# YOUR GOAL:
An exact reproduction is required of the lines from the beginning of the entries through the line with "Verbodsbord met de", pictures excluded and nothing added.

++++ THE INPUT ++++

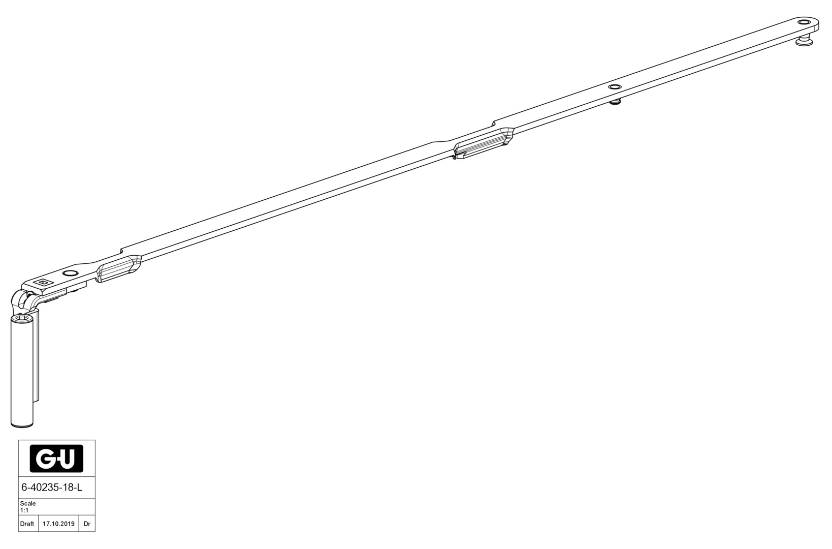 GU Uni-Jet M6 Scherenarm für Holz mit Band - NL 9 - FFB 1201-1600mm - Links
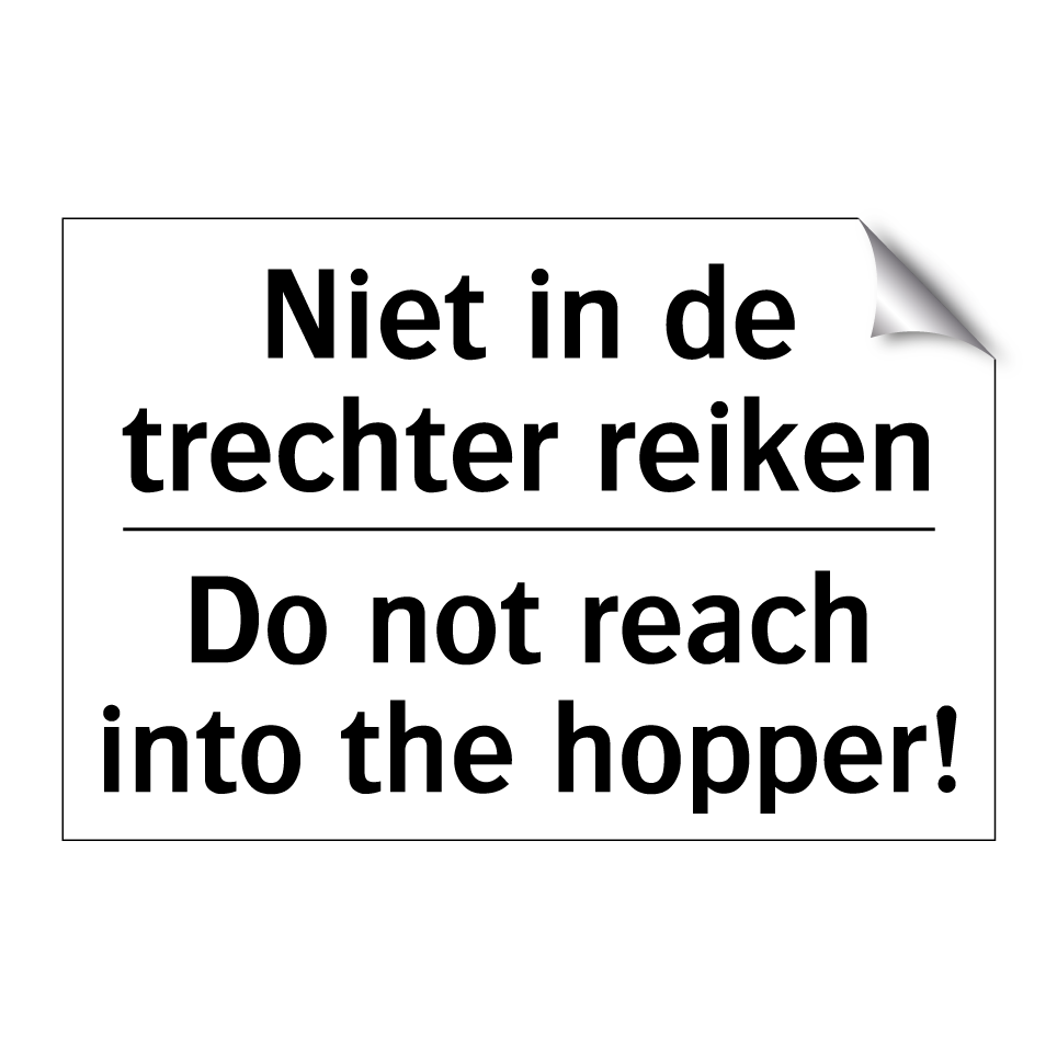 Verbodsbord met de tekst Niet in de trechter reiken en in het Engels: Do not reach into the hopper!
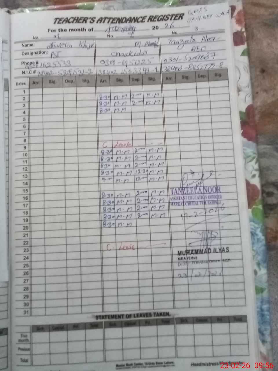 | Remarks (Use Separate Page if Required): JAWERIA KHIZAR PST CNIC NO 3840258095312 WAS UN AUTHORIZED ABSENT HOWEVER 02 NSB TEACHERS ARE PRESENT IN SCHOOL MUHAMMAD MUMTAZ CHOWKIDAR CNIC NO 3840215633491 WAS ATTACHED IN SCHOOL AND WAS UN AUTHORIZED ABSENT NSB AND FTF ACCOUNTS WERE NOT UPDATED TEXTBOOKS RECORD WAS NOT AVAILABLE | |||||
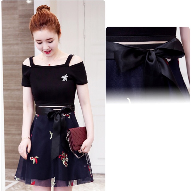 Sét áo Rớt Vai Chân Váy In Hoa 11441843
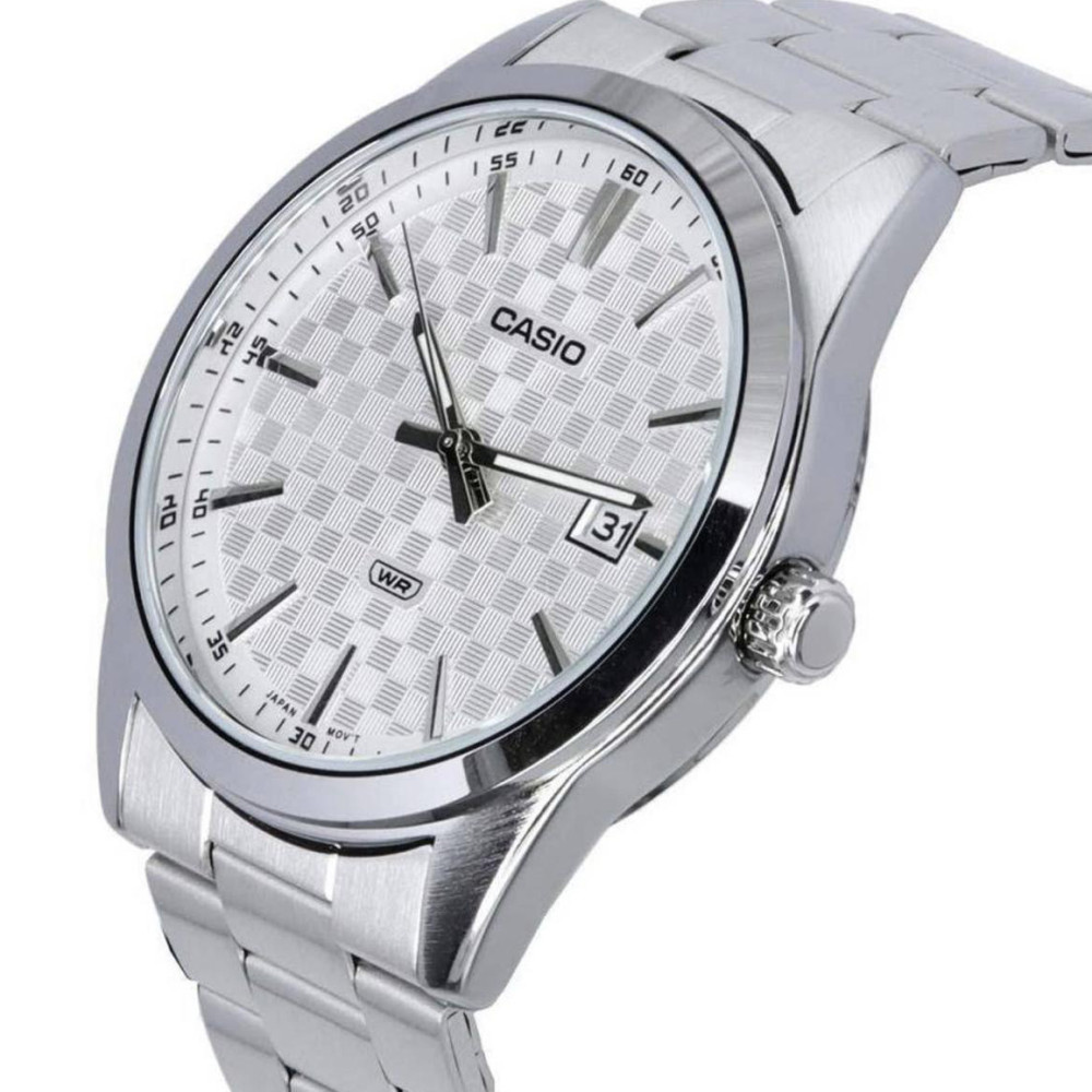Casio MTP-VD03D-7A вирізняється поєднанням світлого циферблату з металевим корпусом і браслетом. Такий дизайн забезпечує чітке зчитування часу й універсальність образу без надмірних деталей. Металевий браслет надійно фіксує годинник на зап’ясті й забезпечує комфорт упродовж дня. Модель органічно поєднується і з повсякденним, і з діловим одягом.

++++

# WRITTEN SOLUTION:
 GU Uni-Jet M6 Scherenarm für Holz mit Band - NL 9 - FFB 1201-1600mm - Links
 Verbodsbord met de tekst Niet in de trechter reiken en in het Engels: Do not reach into the hopper!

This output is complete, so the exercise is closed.